Data for sound policymaking from Google and friends

Mapping the Ecology of Open Data Development

Thursday, October 25, 2012

Viktor Mayer-Schönberger is Professor of Internet Governance and Regulation at the Oxford Internet Institute/Oxford University. He is also a faculty affiliate of the Belfer Center of Science and International Affairs at Harvard University.

Many of us see open data as a potent tool to enhance and improve citizen empowerment and participation. The idea is not just that government data is brought to citizens in a more meaningful way. Many also hope for a rich ecosystem of open data sources and developers yielding amazing apps that provide society with novel insights.

Based on Zarino Zappia’s initial work and data collection, he and I haven taken a sharp look at this emerging network of open data sources and app developers. Data for developers of 175 open data apps were collected, including what data sets they had used. We then mapped the flow of information from initial data sources through the applications that developers had created to end-users.

Given the high hopes surrounding open data development, the results were somewhat sobering. The open data community that emerged from the data set we analyzed was relatively fragmented and disparate, with (as we noted in our paper), "far less participation and combination of data sources than originally hoped. Instead of a wide open playing field devoid of hierarchies we find developers and datasets alike become crucial linking points—crucial gateways for the flow of information—between sub-communities of open data development based on specific tasks or contexts."

We also found that most open data developers focused on a relatively narrow context for their applications. Thus insights they might have gained in one context – say local mapping apps - did not get transferred over easily into different contexts like apps on economic data or development.

Most open data apps were created by individuals (71 percent), and as far as we can tell only half of these individuals belong to an easily identifiable, working open data developer community. When and where these communities did form, data sources often provided a natural conduit.
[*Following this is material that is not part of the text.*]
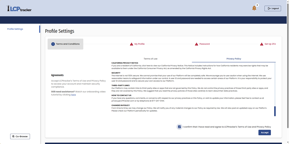 Step 1. Users must check the box to accept the LCPtracker Terms of Use and Privacy Policy.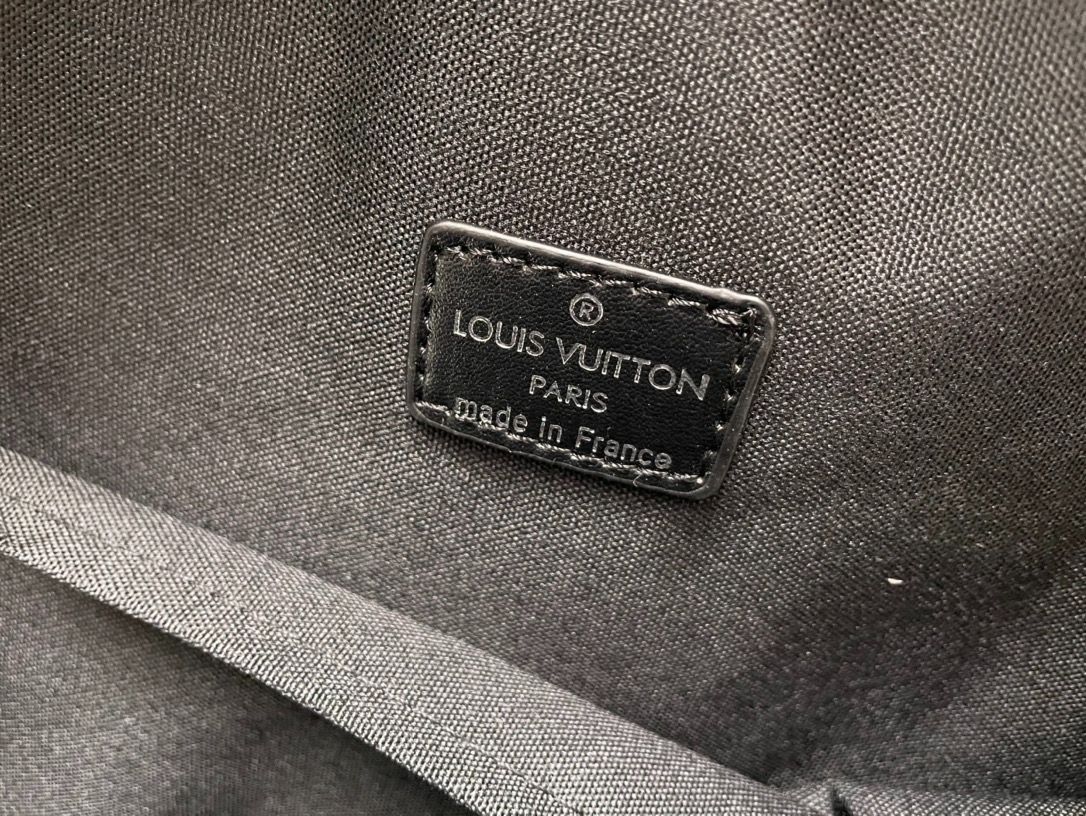 皆様、こちらは Dean のダブルショルダーバッグです。高品質な Monogram Macassar 素材を使用し、スポーツ的な雰囲気をたっぷりと出しています。革の角部分にはプレス加工が施され、ルイヴィトンの花柄のエンボスでさらにエレガンスな雰囲気を演出しています。

Thus perhaps unsurprisingly, apps that combine different data sources were also comparatively rare.

"The open data developer network," taken from Mayer-Schönberger/Zappia, Participation and Power: Intermediaries of Open Data

Moreover, the network of open data developers seems to replicate the tendencies towards a recreation of hierarchies and limitations on participation that research has shown to saddle the blogosphere, e-rulemaking, or (more recently) Wikipedia.
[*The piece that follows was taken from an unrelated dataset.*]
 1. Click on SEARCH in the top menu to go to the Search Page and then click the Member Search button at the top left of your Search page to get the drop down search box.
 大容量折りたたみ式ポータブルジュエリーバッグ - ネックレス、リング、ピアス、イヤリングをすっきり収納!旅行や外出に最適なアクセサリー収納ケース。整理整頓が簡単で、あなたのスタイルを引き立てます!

While these results may disappoint, a few words of caution are in order. First, despite our efforts our data collection may not have captured the ecosystem comprehensively enough. Second, we may have looked at open data developers too soon (data collection took place in 2011). It is still early days, and perhaps as more data sources are added, and apps gain in popularity, not only the number of developers may grow, but they may also become better connected. However, it is important to note that our initial findings were confirmed in in-depth interviews with a number of renowned open data developers.
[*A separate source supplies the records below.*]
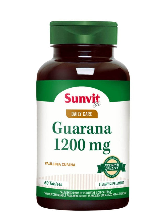 Guaraná 1200 mg, 60 tabs. Marca Sunvit. Guaraná es un estimulante y energizante natural que mejora la resistencia al cansancio y fatiga. Por otro lado presenta un efecto acelerador del metabolismo, resultando útil para complementar cualquier rutina deportiva.
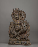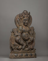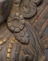 This intricately crafted sculpture is more than just an art piece—it is a powerful spiritual object. The detailed carvings enhance its divine presence, making it a focal point for meditation and devotion. The wrathful expression and sacred symbols reinforce Dzambhala’s ability to offer protection and abundance.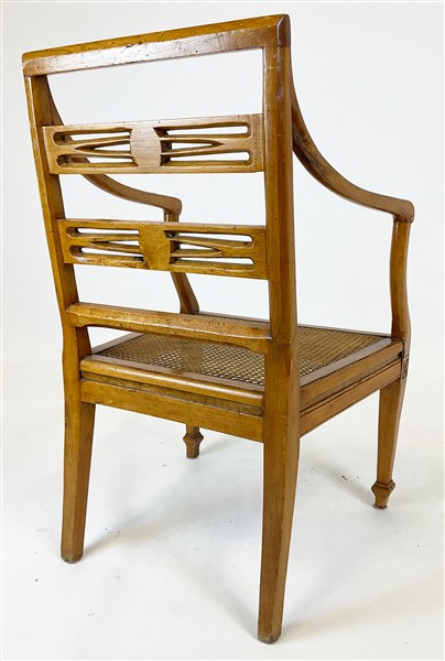 Gruppo di quattro antiche poltrone in ciliegio con schienale traforato e seduta incannucciata (difetti)
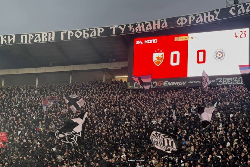 Južna tribina je u potpunosti ispunjena navijačima Partizana, a u jednom momentu su Delije odlučile da iznad severne tribine podignu transparent i isprozivaju Grobare.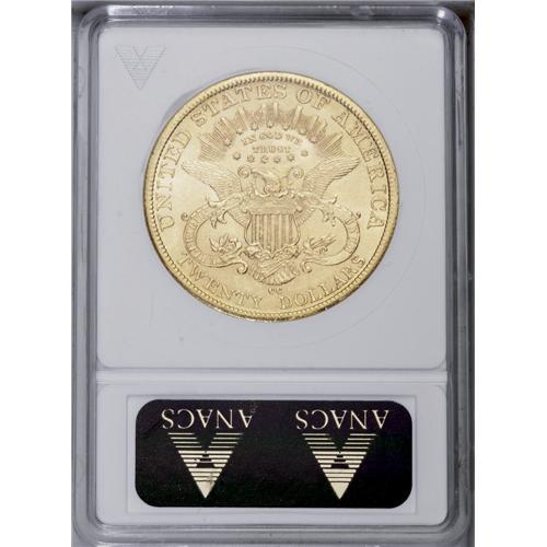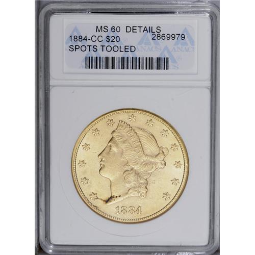<B>1884-CC<$20>--Spots Tooled--ANACS. MS60 Details.</B></I> Well struck with nice luster on the yellow-orange surfaces. Tooling marks are evident near the point of the bust, where someone has attempted to scrape away some dark spots just above the truncation.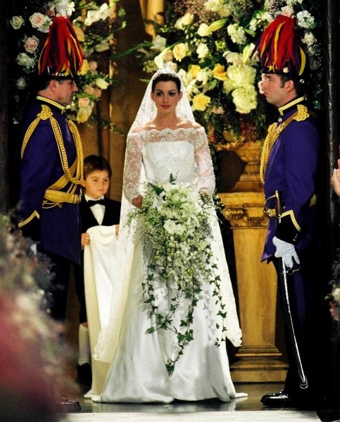 Anne Hathaway’s royal transformation reached its peak in The Princess Diaries 2, and her wedding gown was nothing short of majestic. Designed by Vera Wang, the dress embodied every inch of a fairytale — sophisticated, graceful, and fit for modern royalty.
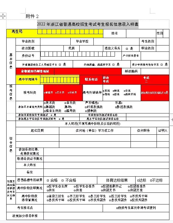 2022浙江高考报名信息录入样表和填报栏目说明
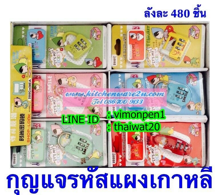 P10164 กุญแจล๊อครหัส ลายการ์ตูน น่ารัก ราคาส่งต่อ 2 โหล: 24 ชุด ()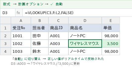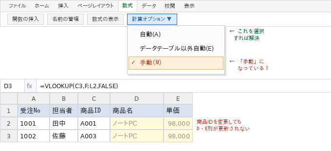 VLOOKUPが反映されない原因①:自動計算がオフになっている

Perhaps, though, these results also capture an important opportunity: if open data developers are not sufficiently connected with each other and the broader community, it may be because there is not yet an easy way to do so, independent of the large platforms providing data sources. Remedying that may help the open data ecosystem more than the release of further data sources or another application contest.


Jason Hare said...

Data developers and datasets ahould be set apart as having converging but not necessarily the same agendas. The producer should treat psi datasets as infrastructure and something like publishing open data as a nessary but not sufficient condition for innovarion. Much like the www 20 years ago we will go through episodic successes ans failures before we find a working model.